Normalized mean-velocity magnitude |V|/V − 1, mean pressure coefficient \(\overline {{{c_{\text{p}}}}}\) and its fluctuations \({c_{{\text{p~rms}}}}\) obtained from tomographic PIV. NACA 0018, Re = 270,000, α = 0°, V = 20 m/s

Similar conclusions can be drawn extending the comparison to the fluctuating pressure components in the third row of Fig. 10. The straight configuration shows larger fluctuations with respect to the serrated case in the wall-normal direction (e.g., Fig. 10 STE cprms). The presence of the serration mitigates the magnitude of the pressure fluctuations at the root (Avallone et al. 2016). This is confirmed by results extracted at different spanwise locations along the serrations, indicating pressure fluctuations gradually decreasing in magnitude towards the tip of the geometry. An increase in fluctuations very near the edge (x/2h = 2) of the domain is reported due to the relatively stronger uncertainty of the velocity vectors and their derivatives in this outer part.
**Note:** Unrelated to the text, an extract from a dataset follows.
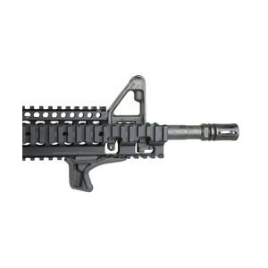 Designed to complement modern shooting grips, the Kinesthetic Angled Grip (KAG) uses a biomechanically efficient forward rake to create an interface for positive retention and joint relief to the wrist, elbow, and shoulder, allowing for smooth weapon manipulation without substantial increase to the girth of the weapon system. Textured on both front and back, the profile of the KAG creates a channel for consistent and positive engagement which translates directly into improved efficiency in weapons manipulation and target to target transitions.

In Fig. 11, the stereoscopic PIV results are used for the extrapolation of the u+ and the profiles of turbulent fluctuations, respectively, normalized by the friction velocity and by the square of the free-stream one. Both \(\overline {{uu}}\) and \(\overline {{vv}}\) contributions show a boundary-layer profile which peaks at about y+ = 100 to further decrease down to the wall. Results from Fig. 11 also indicate a clear reduction of the boundary-layer thickness towards the tip of the serration (cfr. u+ profiles). Coherently with what remarked in the previous studies (Avallone et al. 2016; Arce León et al. 2016), the lowering of the fluctuations along the edge shown in Fig. 11 also suggests that the flow is subjected to a mild acceleration in the streamwise direction, due to the protruding add-on. Whether the remarked flow acceleration and change of the maximum turbulent fluctuations along the serration edge is associated with a change of surface-pressure fluctuations is an important question to be answered. As already anticipated in fact, a rapid change of the pressure fluctuations (i.e., mean values and spectra) along the serration edge is typically not taken into account in the state-of-the-art models for scattering of pressure fluctuations (Lyu et al. 2016).

Fig. 11
figure 11

Mean streamwise velocity profile u+ and Reynolds stresses \(\overline {{uu}}\), \(\overline {{vv}}\) at three different spanwise locations along the serration edge. Stereoscopic PIV and numerical LBM results. Boundary-layer fit with k = 0.40, B = 5, uτ = 0.46 m/s (White 2006)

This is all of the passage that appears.